What I Learned From My Time in the Boy Scouts

Boy ScoutsI was in the Boy Scouts for a couple years. It was my dad's idea, and while I was initially willing to give it a try, it did not take long for me to learn that it was not for me. Unfortunately, my dad "did not raise a quitter," and so I was not permitted to leave until a couple years later. I was 13 or 14 when I was allowed to quit, and I've never had any regrets about doing so.

By the time I left, being associated with the Boy Scouts was about the least cool thing a 13 or 14 year-old boy could do. I tried as hard as I could to keep it a secret from my peers in school, but this proved impossible.

One of the things I learned from my time in the Scouts was that I was not very good at many of the skills White men in the U.S. are supposed to posses. I was never going to be an outdoorsman. I didn't like bugs, the idea of harming innocent animals, or camping in the rain. I was not particularly good with my hands and while I did learn to tie a few knots, whittle, fish, and operate a canoe, I had already learned these things from my dad before joining the Scouts. All the Scouts really did was show me that I was never going to be very good at these things. It would be fair to say that my time in the Scouts left me absolutely certain that I was not cut out for military service. I suppose that was a valuable lesson.
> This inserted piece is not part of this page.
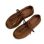 カジュアルシューズ レディース ワラビー パンプス フリンジ おでこシューズ ローカット レースアップ レザー 防滑 歩きやすい フラット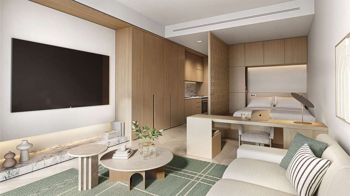 But the development's emphasis on community and well-being is what makes it so unique. Common areas are an extension of friendly, clean, and wellness-focused spaces. As people sit in beautifully manicured courtyards, go to the gym, or sit by themselves on a rooftop terrace, the development offers a seamless pace of communication with the neighborhoods. This is an actual location where individuals, families, and couples will reside and where the city is close by.

Another lesson I picked up from the Scouts was that boys who were different from the majority in some way are meant to be bullied. I experienced this myself as both a victim and a passive observer who did not intervene but should have. I'd certainly seen bullying before but not in such a systematic top-down manner. I had not seen it condoned by adults before. And I do not recall previously experiencing anything like the pressure to join in I remember from the Scouts. Years later, I would look back on this experience when learning about the dangers of conformity.

When I see today that the Scouts are continuing to be intolerant of gays and atheists, it does not surprise me one bit. Atheism did not seem to be on anyone's radar all those years ago when I was in the Scouts, but I heard more homophobic slurs there than anywhere else I can recall (including high school football). Unless things have improved considerably, it is difficult for me to imagine many gay or atheist boys having a positive experience there. But until the organization changes its antiquated policies, I suppose we won't really know.